Shared research efforts

She then contacted her thesis laboratory at the Centre for Interdisciplinary Research in Biology to offer her services as a researcher and was immediately welcomed. ‘I’m not driven by ego, I didn’t want to set up my own team but rather to increase the expertise of this oocyte “super laboratory” with new project ideas.’ In 2017, she became co-leader, together with Marie-Hélène Verlhac, of the Oocyte Mechanics and Morphogenesis team: an atypical status at the time. ‘Co-leaderships were less common than now, but it made sense so that we could pool our skills, resources and numerous collaborations with hospital doctors, physicians and specialists in artificial intelligence.
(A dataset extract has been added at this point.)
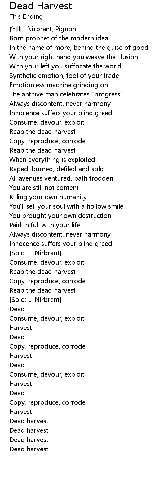 | Reap the dead harvest | |
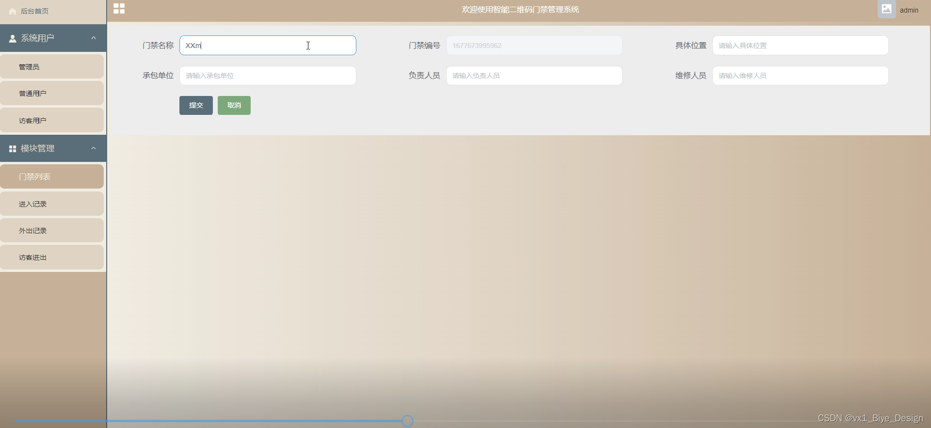门禁列表,同时查看门禁列表信息,包括门禁名称、门禁编号、具体位置、承包单位、负责人员等。

Since then, Terret can be delighted to have already significantly enriched our knowledge of these female cells. ‘The long-term goal is to provide tools for reproductive medicine in the context of oocytes preservation and assisted reproductive technologies, to improve their outcomes’, she recalls. To understand these advances, we need to go back to the basics of the oocytes themselves, of which girls are born with all they will ever have. However, the development of these cells is suspended for a number of years before resuming on a cyclical basis from adolescence until menopause, with the aim of becoming a fertilisable egg with a single set of chromosomes. This stage completes the meiosis, enabling the egg to have half as much genetic material as the body’s other cells, in anticipation of meeting a sperm cell which also contains its own half. Terret is studying this mechanism, which in some cases is dysfunctional, as well as the formation of the embryo from the oocyte. ‘The sperm only provides DNA while the egg provides everything else: proteins, RNA, mitochondria and other cell compartments, she recalls. We want to understand what a good quality egg is and how it turns into a viable embryo.

A patented discovery

In addition to describing several mechanisms associated with abnormal oocyte development, she has discovered the importance of their mechanical properties. ‘The level of rigidity of the cell, its ability to deform or not, is crucial for oocytes and embryos to have the right number of chromosomes and balanced cell content, she explains. It’s a true high-quality biomarker that could be used in the clinical setting. As such, we’re developing a microfluidic device to measure the mechanical resistance of oocytes, in combination with an artificial intelligence program that evaluates the quality of the intracellular medium. We have filed a patent.

While this breakthrough is important in her career as a researcher, Terret is aware of the ground that needs to be covered in order to unlock the secrets of oocytes. To do this, she is counting on ‘scientific creativity’. ‘That’s what I like about this job: inventing, being daring, being unafraid to test ideas that may seem off-the-wall at first. And that’s what I pass on to the students I hire in the lab (doctoral students, post-docs, technical staff, etc.). I really like supporting them with their research project or training, but also, more broadly, helping them in their choices of direction. Doing so contributes greatly to my professional development.’ A commitment that earned her the 2023 Nature Award for Mentoring in Science for which she was put forward by her students—a sign of mutual recognition.


Marie-Émilie Terret co-leads with Marie-Hélène Verlhac the Oocyte Mechanics and Morphogenesis team at the Centre for Interdisciplinary Research in Biology (unit 1050 Inserm/CNRS/Collège de France) in Paris.